## REQUIREMENT:
Output all of the data exactly as it appears, but leave out any pictures it contains.

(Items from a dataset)
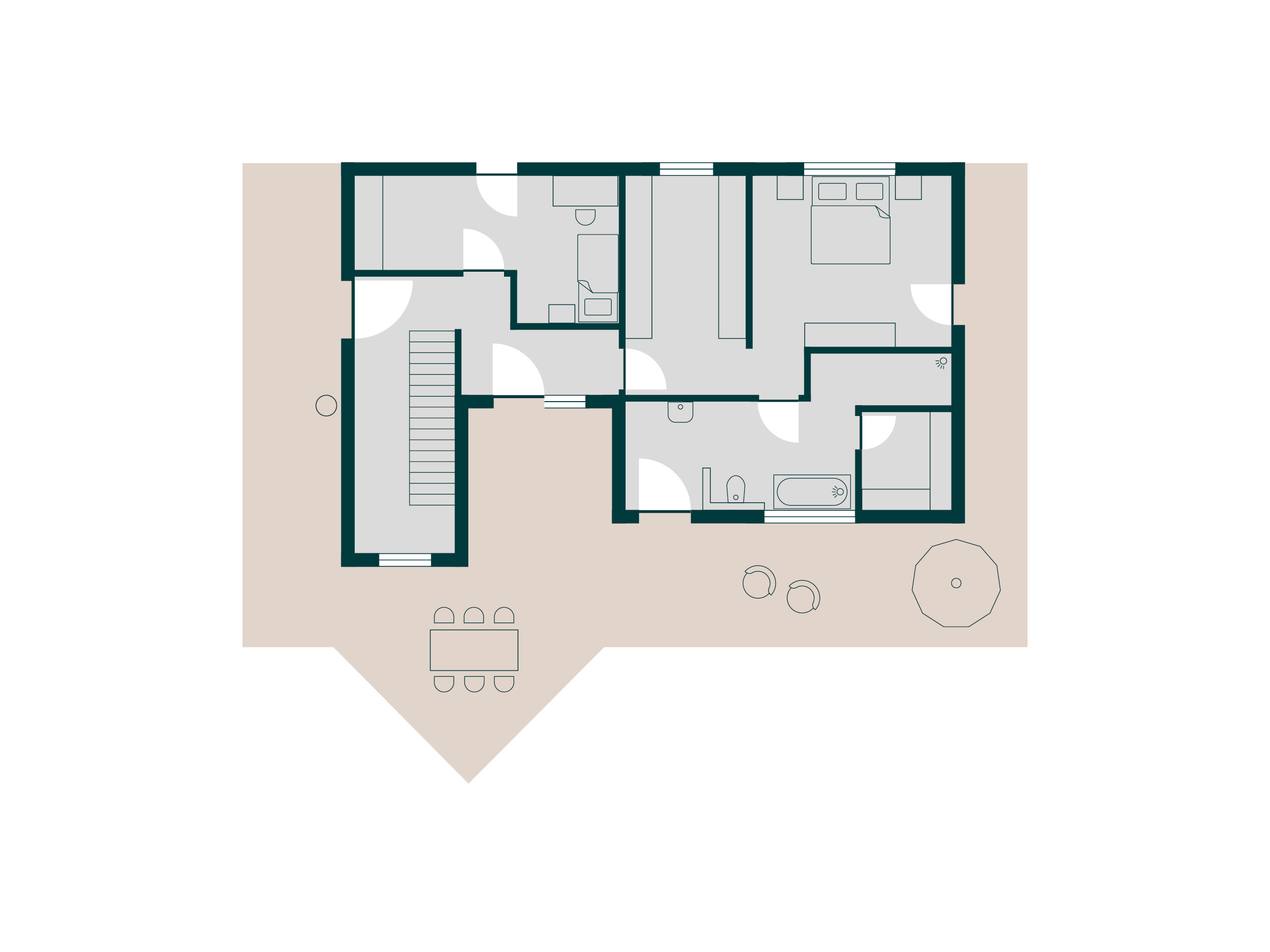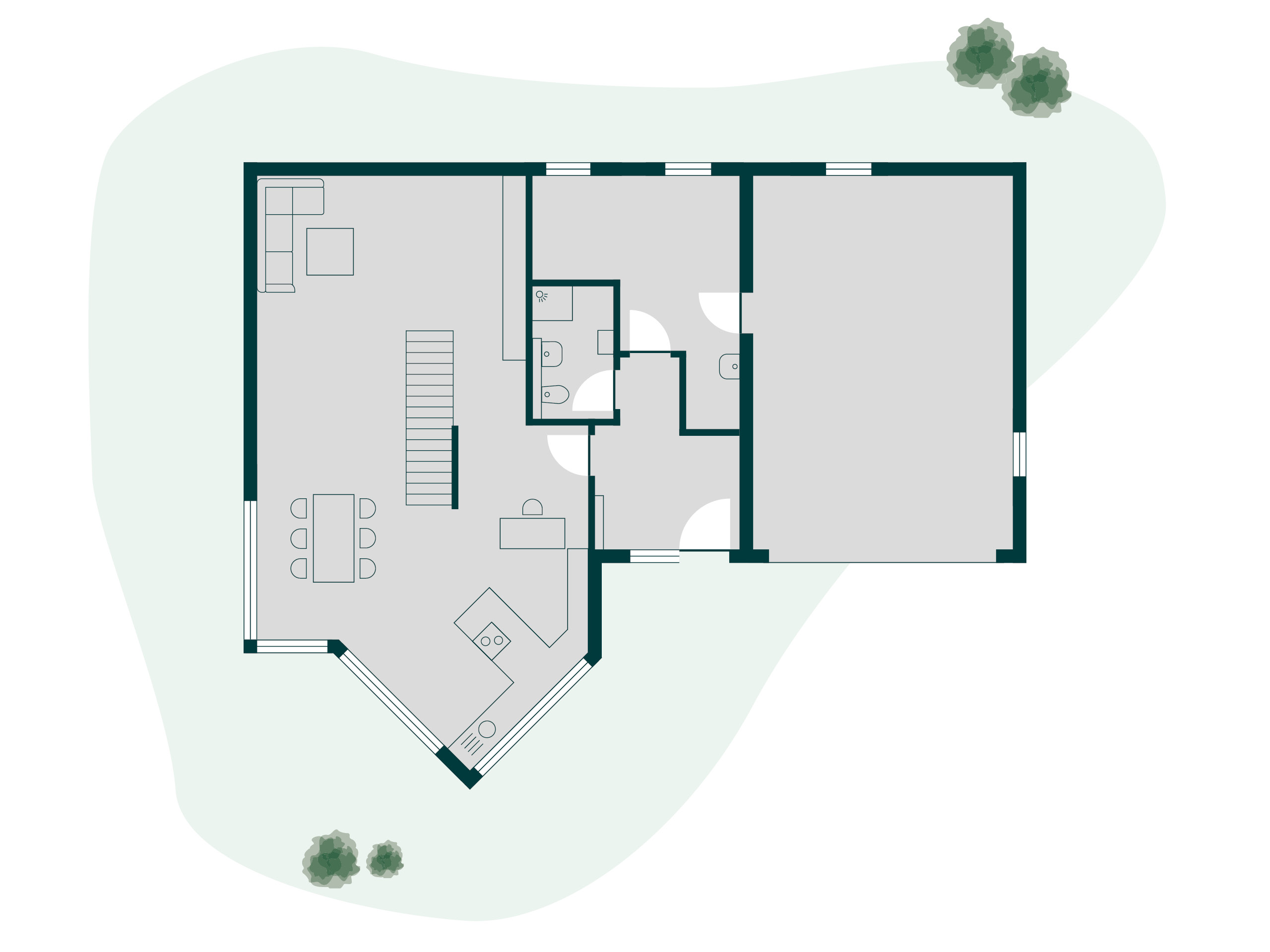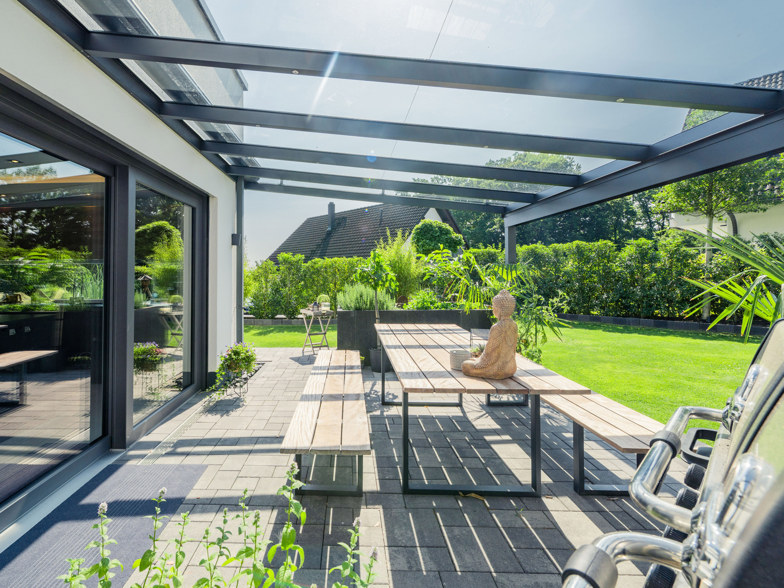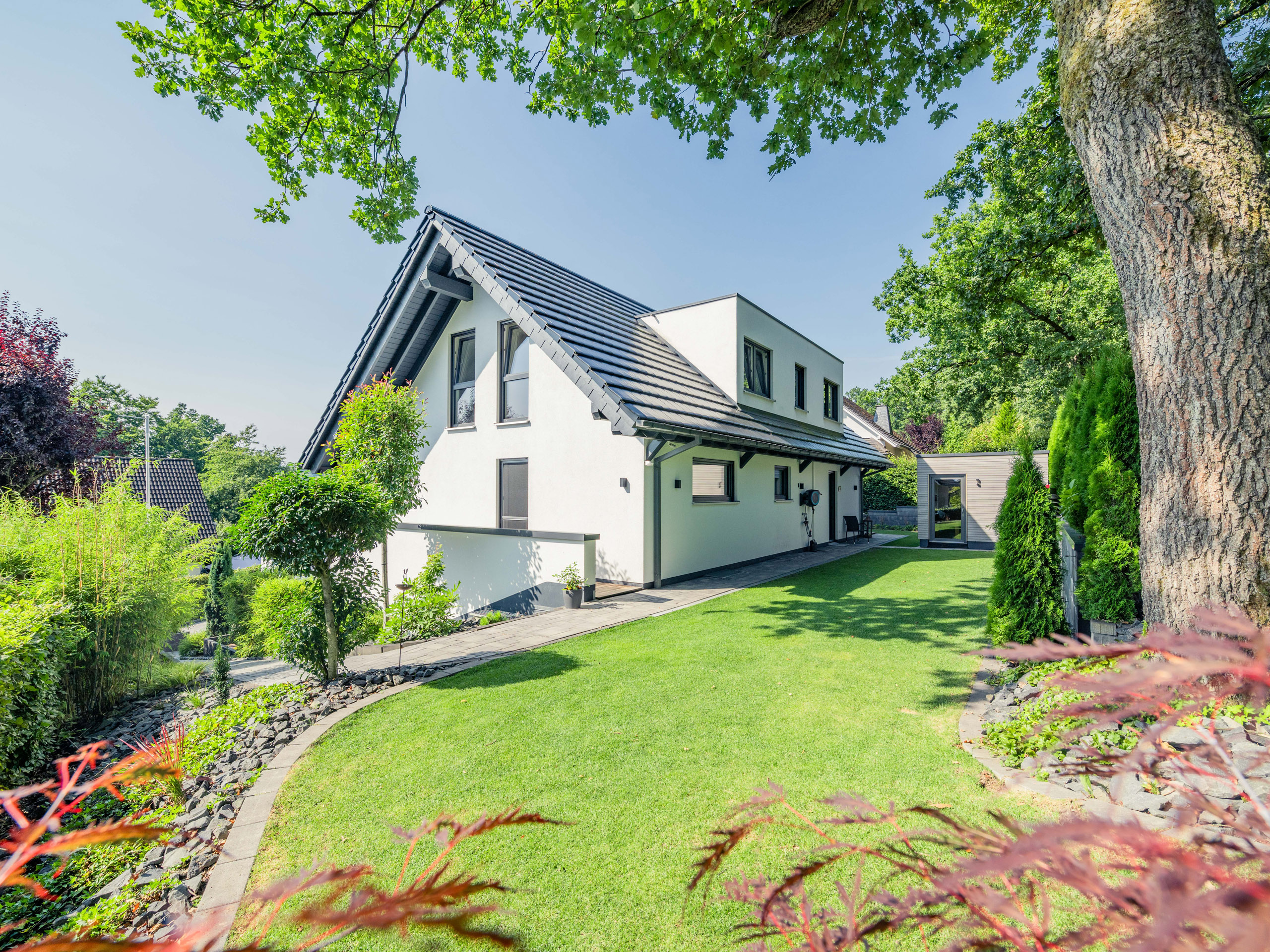 Perfekt ins Grundstück eingepasst.
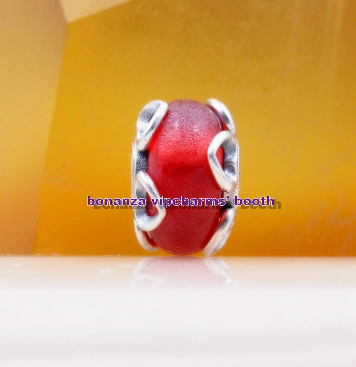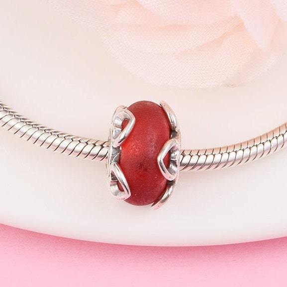 Valentine's day Release Sterling Silve Frosted Red Murano Glass and Hearts Charm
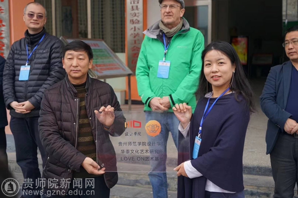 本网讯 经同步小康驻村工作队精心策划,设计学院副院长聂森牵线搭桥,中南民族大学少数民族审美文化研究中心、华黍文化艺术研究所所长刘凡教授、德国著名艺术家、教育家、柏林工程艺术大学Walter Bergmoser教授等5名专家2月28日赴印江土家族苗族自治县实验小学开展留守儿童艺术治疗活动。3月2日正值中国的传统节日——元宵节,在这样一个特别的日子,best365手机版官方网站设计学院、华黍文化艺术研究所Love on艺术基地在印江县实验小学挂牌,意味着best365手机版官方网站关注印江县留守儿童艺术治疗正式拉开帷幕,下一步将和印江县实验小学“结对”着眼于农村留守儿童的心灵呵护,不定期赴该校开展艺术治疗活动,为孩子的心灵营造避风港。学校还将联合华黍文化艺术研究所寻找资金资助印江县留守儿童到武汉参与更多艺术治疗和艺术体验项目,尽微薄之力帮助需要帮助的人,将大爱洒向少数民族贫困地区,关心、关注、关爱留守儿童的心理健康,净化他们的心灵,培养留守儿童的健全人格,让他们都成为祖国最美丽而又最灿烂的花朵。
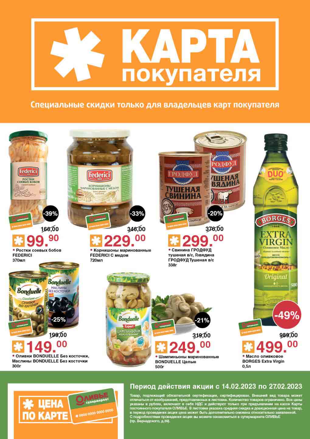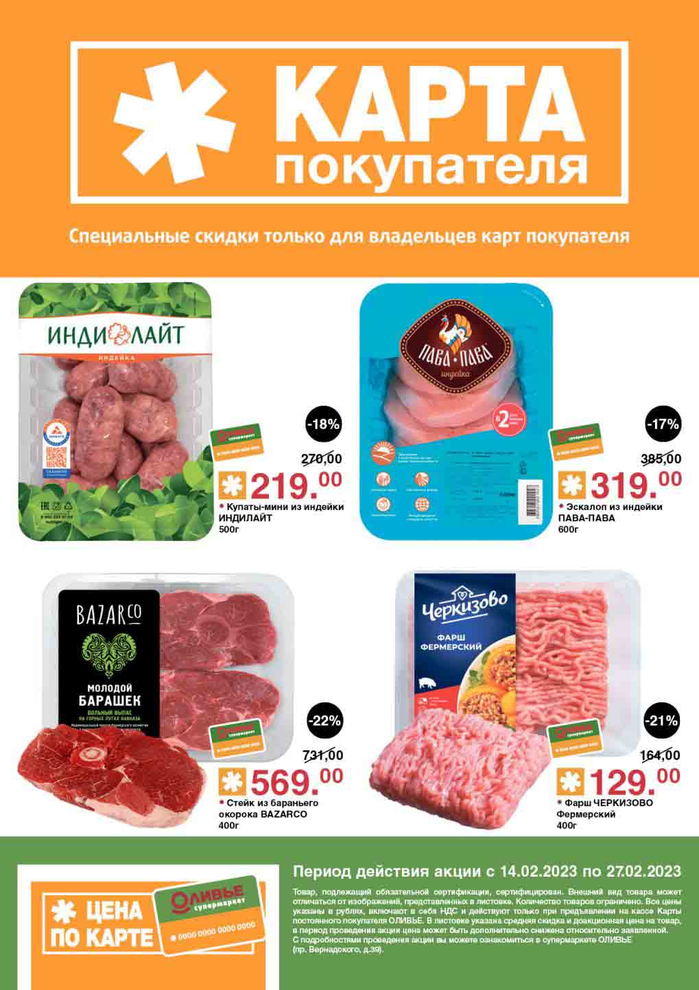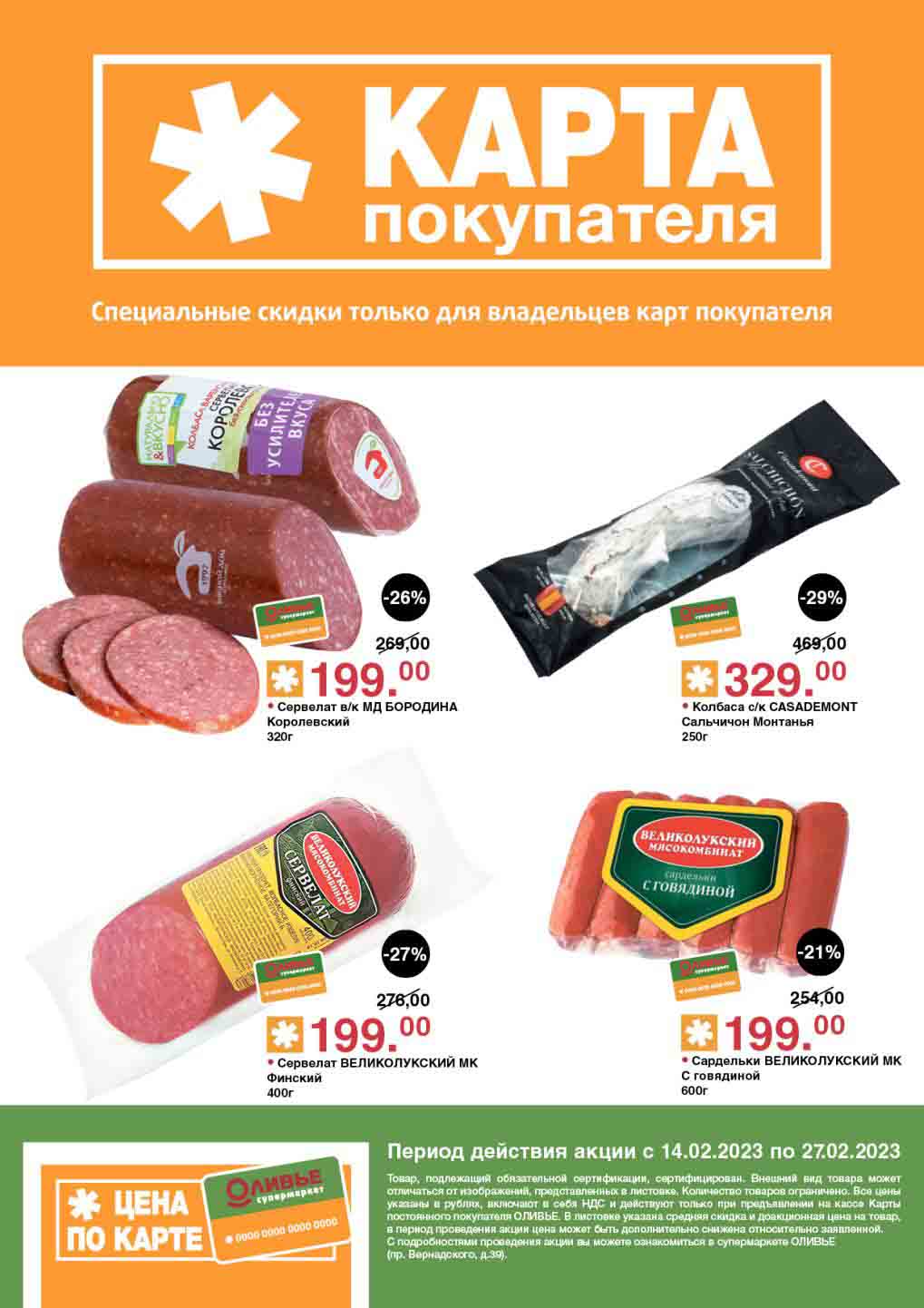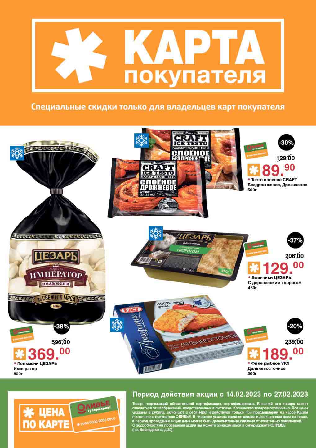 Оливье акции с 14 февраля — 27 февраля. Скидки по карте покупателя
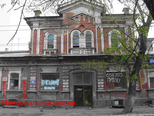 Памятник историко-культурного наследия - здание штаба легендарной 53-й стрелковой дивизии. В руины его превратили не гитлеровские войска, а Министерство Обороны РФ, которому оно и принадлежит. Хоть бы мемориальные доски сняли и не позорились.
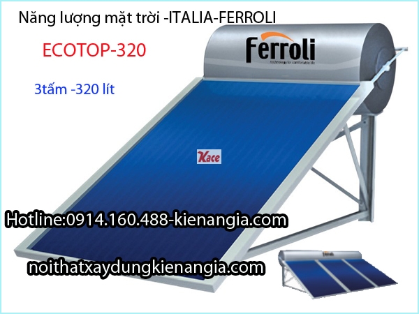 • NLMT tấm thu nhiệt Italia-Ferroli ECOTOP-320​ nhập khẩu chính hãng chiết khấu cao KIẾN AN GIA.Dùng máy năng lượng mặt trời tiết kiệm chi phí điện,an toàn cho gia đình,khách sạn,resort,biệt thự...NMMT Ferroli có giá đỡ bằng nhôm không rỉ sét.Tấm hấp thụ nhiệt tráng oxit-titan chống ăn mòn, kính cường lực không phản chiếu,chịu được mưa đá,hiệu suất hấp thụ cao.Lớp vỏ cách nhiệt bằng polyurethane Huntsman của Mỹ giữ nhiệt 72h.Vỏ bình bằng thép sơn mạ tĩnh điện, bền đẹp, chống sốc, chống va đập.
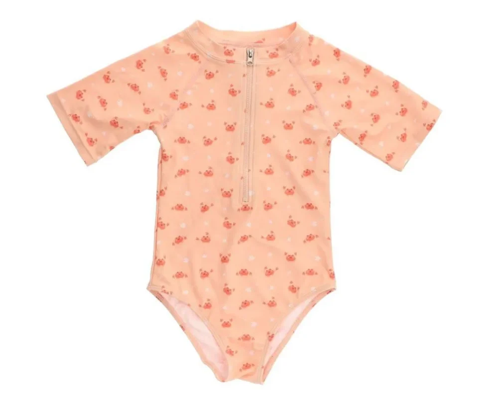 Bañador con cremallera delantera de Tutete que ha sido creado con una tela especial que protege a la piel de los rayos solares.

## RESULT FOR THIS EXERCISE:
 Perfekt ins Grundstück eingepasst.
 Valentine's day Release Sterling Silve Frosted Red Murano Glass and Hearts Charm
 本网讯 经同步小康驻村工作队精心策划,设计学院副院长聂森牵线搭桥,中南民族大学少数民族审美文化研究中心、华黍文化艺术研究所所长刘凡教授、德国著名艺术家、教育家、柏林工程艺术大学Walter Bergmoser教授等5名专家2月28日赴印江土家族苗族自治县实验小学开展留守儿童艺术治疗活动。3月2日正值中国的传统节日——元宵节,在这样一个特别的日子,best365手机版官方网站设计学院、华黍文化艺术研究所Love on艺术基地在印江县实验小学挂牌,意味着best365手机版官方网站关注印江县留守儿童艺术治疗正式拉开帷幕,下一步将和印江县实验小学“结对”着眼于农村留守儿童的心灵呵护,不定期赴该校开展艺术治疗活动,为孩子的心灵营造避风港。学校还将联合华黍文化艺术研究所寻找资金资助印江县留守儿童到武汉参与更多艺术治疗和艺术体验项目,尽微薄之力帮助需要帮助的人,将大爱洒向少数民族贫困地区,关心、关注、关爱留守儿童的心理健康,净化他们的心灵,培养留守儿童的健全人格,让他们都成为祖国最美丽而又最灿烂的花朵。
 Оливье акции с 14 февраля — 27 февраля. Скидки по карте покупателя
 Памятник историко-культурного наследия - здание штаба легендарной 53-й стрелковой дивизии. В руины его превратили не гитлеровские войска, а Министерство Обороны РФ, которому оно и принадлежит. Хоть бы мемориальные доски сняли и не позорились.
 • NLMT tấm thu nhiệt Italia-Ferroli ECOTOP-320​ nhập khẩu chính hãng chiết khấu cao KIẾN AN GIA.Dùng máy năng lượng mặt trời tiết kiệm chi phí điện,an toàn cho gia đình,khách sạn,resort,biệt thự...NMMT Ferroli có giá đỡ bằng nhôm không rỉ sét.Tấm hấp thụ nhiệt tráng oxit-titan chống ăn mòn, kính cường lực không phản chiếu,chịu được mưa đá,hiệu suất hấp thụ cao.Lớp vỏ cách nhiệt bằng polyurethane Huntsman của Mỹ giữ nhiệt 72h.Vỏ bình bằng thép sơn mạ tĩnh điện, bền đẹp, chống sốc, chống va đập.
 Bañador con cremallera delantera de Tutete que ha sido creado con una tela especial que protege a la piel de los rayos solares.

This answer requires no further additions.